Brin acknowledged that, when it comes to relieving pain in the smallest children who can't give verbal feedback, the job is more challenging. "There is a lot of discussion about that in pediatric literature," she said. "The assessments that we do for pain are different than the assessments we do for an adult. We have nonverbal cues that we use, as well as really monitoring the vitals to determine if our pain management is being therapeutic."

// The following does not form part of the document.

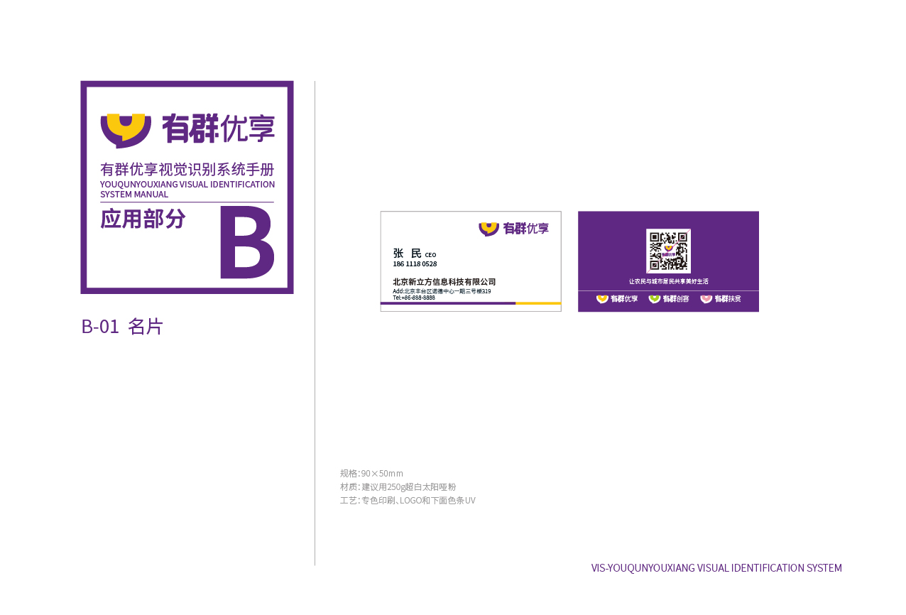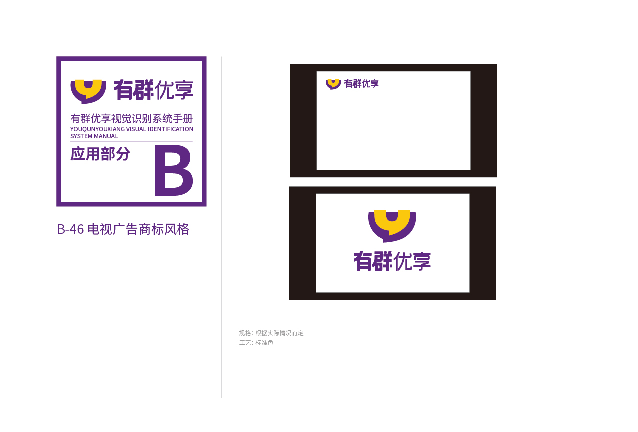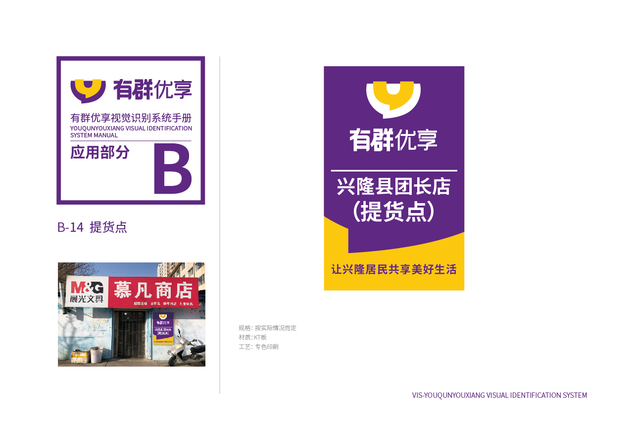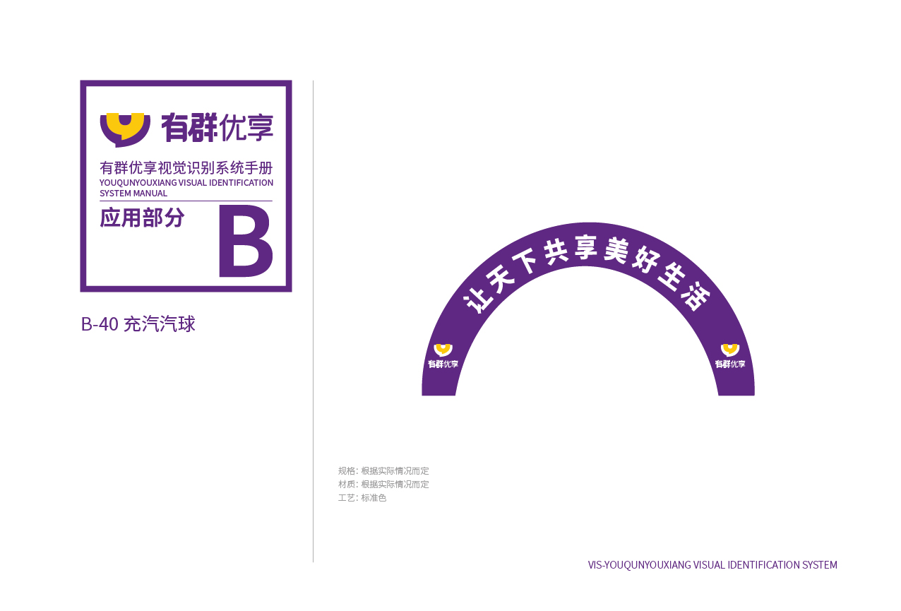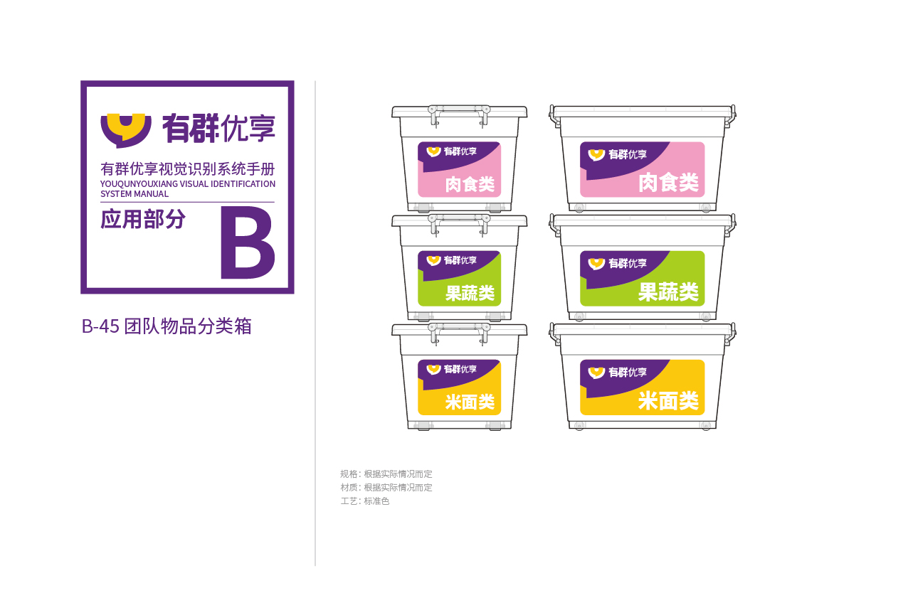 有群優(yōu)享是針對城市居民與農(nóng)民流通農(nóng)產(chǎn)品所建立傳播的品牌名稱。廣告語:讓城市居民與農(nóng)民共享美好生活。而有群創(chuàng)客及有群扶貧是針對企業(yè)內(nèi)部的傳播以及響應(yīng)政府的扶持政策。所以整個品牌的系統(tǒng)聚焦是有群優(yōu)享的視覺傳播。

Alive Monarchs' perinatal service answers a need in the region, where psychosocial support has been limited for families facing a tragic pregnancy prognosis. The social worker and chaplain team up with the mother's perinatologist to offer services that include anticipatory grief counseling or help developing a birth plan "to give that family a little bit more control, if you will, in a very uncontrolled situation," Brin said. Babies born with severely limited life expectancy, however, sometimes live longer than anticipated – two weeks rather than two days. Typically, those infants would remain in the neonatal intensive care unit. Yet, Alive Monarchs offers another alternative. "We can give the family the option of, immediately at birth, signing up for hospice, and we bring the baby home and are able to support the family for however long the baby has," Brin said.
Alive Monarchs typically cares for patients age 18 or under, yet the program already has cared for young adults in their early 20s if the referral is from a pediatric provider. "Sometimes there are psychosocial nuances that fit a pediatric care team more so than an adult team," Brin said.
In calendar year 2008, Alive Monarchs served 31 patients in hospice, 50 in palliative care and 11 in its perinatal program.